__WORK TO BE COMPLETED__. Could you give back exactly the lines below from the one with "甘肅省舟曲縣:白龍江畔麥浪翻滾收割忙" through the one with "2014年5月,沪指低位整理", without a single picture?

__MATERIAL FOR THE TASK__.

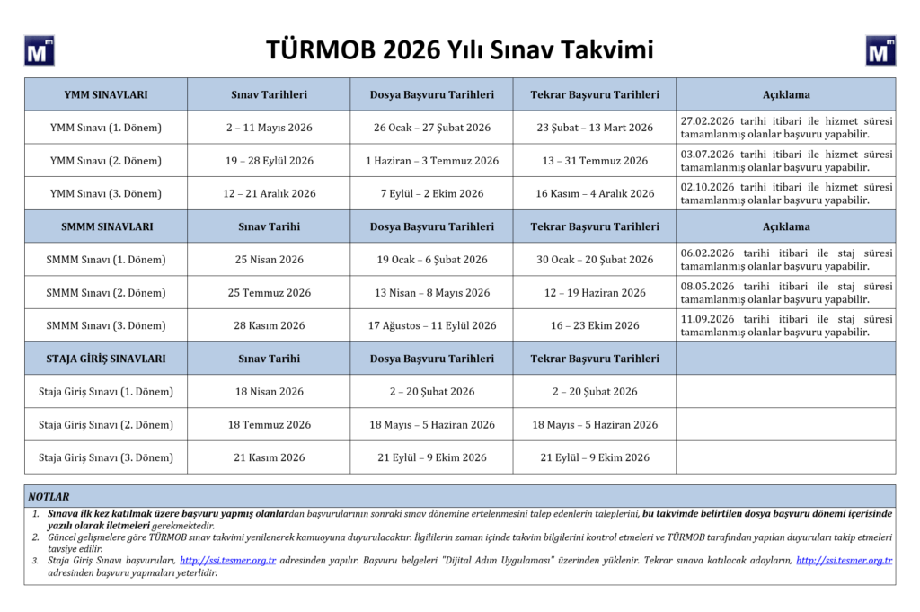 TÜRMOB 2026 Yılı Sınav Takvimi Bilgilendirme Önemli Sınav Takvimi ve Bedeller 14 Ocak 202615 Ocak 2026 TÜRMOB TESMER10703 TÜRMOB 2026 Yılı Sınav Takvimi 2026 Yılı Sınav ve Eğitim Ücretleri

---

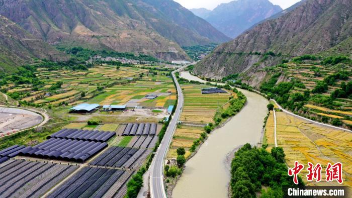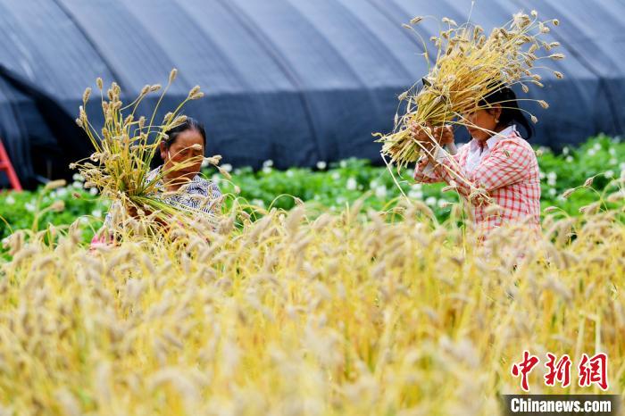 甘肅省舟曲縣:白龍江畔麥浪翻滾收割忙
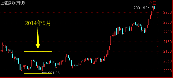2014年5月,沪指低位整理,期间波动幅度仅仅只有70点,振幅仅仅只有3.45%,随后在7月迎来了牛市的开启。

__ANSWER BOX__.
 甘肅省舟曲縣:白龍江畔麥浪翻滾收割忙
2014年5月,沪指低位整理,期间波动幅度仅仅只有70点,振幅仅仅只有3.45%,随后在7月迎来了牛市的开启。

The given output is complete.